USF researchers are developing a device that would aid medics on the battlefield in pinpointing internal injuries that may not be immediately apparent.
The device, a project of researchers in the Colleges of Engineering and Medicine, would detect biomarkers that are released when a person is injured.
“A biomarker is any chemical that can provide information about what’s happening inside the body,” said Dr. Joel A. Strom, researcher and professor of internal medicine and engineering. The device focuses on testing biomarkers in blood or plasma.
On the battlefield, Strom said, bombs and other explosives can create visible wounds, but sometimes it is difficult to tell what is going on inside the body.
“Instead of one area of injury, they create an injury field that is very tough to determine its severity,” Strom said. “Inflammation induced by a wound can affect organs in others areas of the body.”
The handheld detector — called a point-of-care device because it is used at the site of injury — tests blood or plasma taken from the body for certain biomarkers. These detectors would be able to determine who needs immediate care and who can go longer without medical attention.
“We would be interested in biomarkers that show up early after injury because that’s when the person can be triaged properly,” said Brenda Flam, a molecular biochemist working on the project.
Chemicals released after an injury could be read by the detector.
“The reading is an indication of how badly hurt someone is, and then we go on from there and basically use that information to determine how people should be treated,” Strom said.
The main goal of the project is to improve medical treatments and, ultimately, save lives.
The point-of-care device also has civilian applications, such as the detection of heart attacks by emergency medical services. Strom said that expanding the project to look at such applications is one of their goals.
It could also be used after an incident such as a car accident.
“Sometimes people look fine, but later they become sick because of organ damage,” Strom said.
Biomarker research at USF has been under development for a little over three years. Strom said he does not know when the device could become commercialized, as it is still in a developmental stage.
Funding came from the U.S. Department of Defense under an appropriations bill earmarked by Rep. C.W. Bill Young (R-Indian Shores).

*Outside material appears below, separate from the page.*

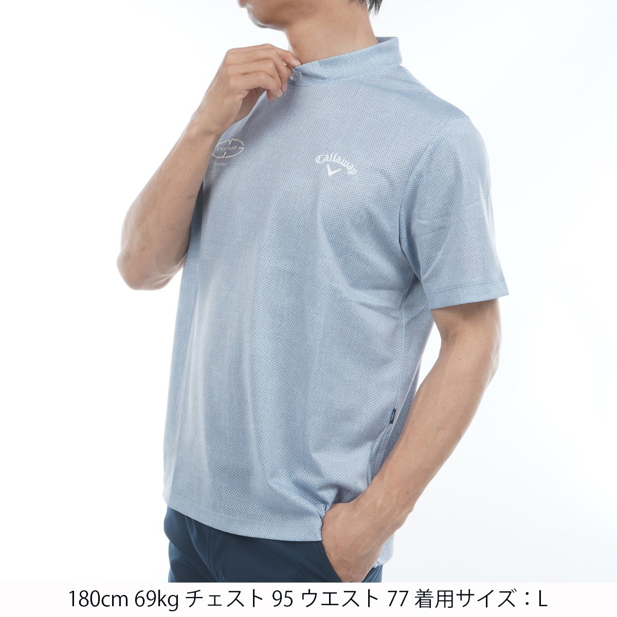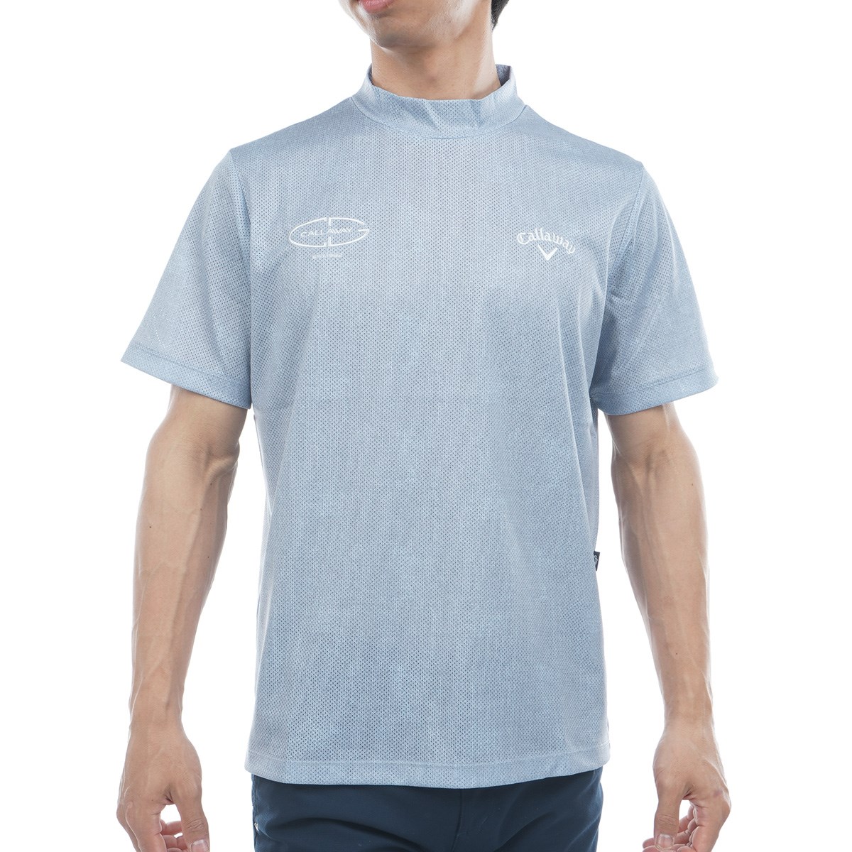 キャロウェイゴルフ Callaway Golf かざあなメッシュ メランジプリント モックネック半袖シャツ LL ブルー 1112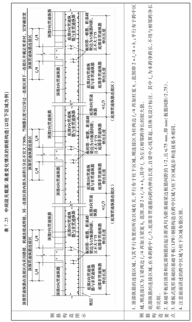 ①梁板式筏形基础的基础平板(LPB)的钢筋一般构造要点见表7.25、表7.26。

Tony Licardi, a spokesman for Young, said the research group has been allocated about $3 million since 2006.
Young has secured other earmarked funds for the University. Out of the 13 earmarked projects for the 2008 fiscal year, nine were for defense and had Young’s name attached. He is the ranking Republican on the House Appropriation Committee’s defense subcommittee.
USF researchers are cooperating with others from Keck Graduate Institute in California and Loyola University in Chicago. At Loyola, researchers are testing for biomarkers in animals such as mice and pigs, Strom said, and USF hopes to begin testing for human biomarkers soon.
Students of all levels, from undergraduate to doctoral, work on the project, and it has graduated three doctoral students so far, Strom said.
“This project is not only a scientific one and an engineering one, but also an educational one,” he said. “One of its key missions is to advance the education and expose students at various levels throughout the University.”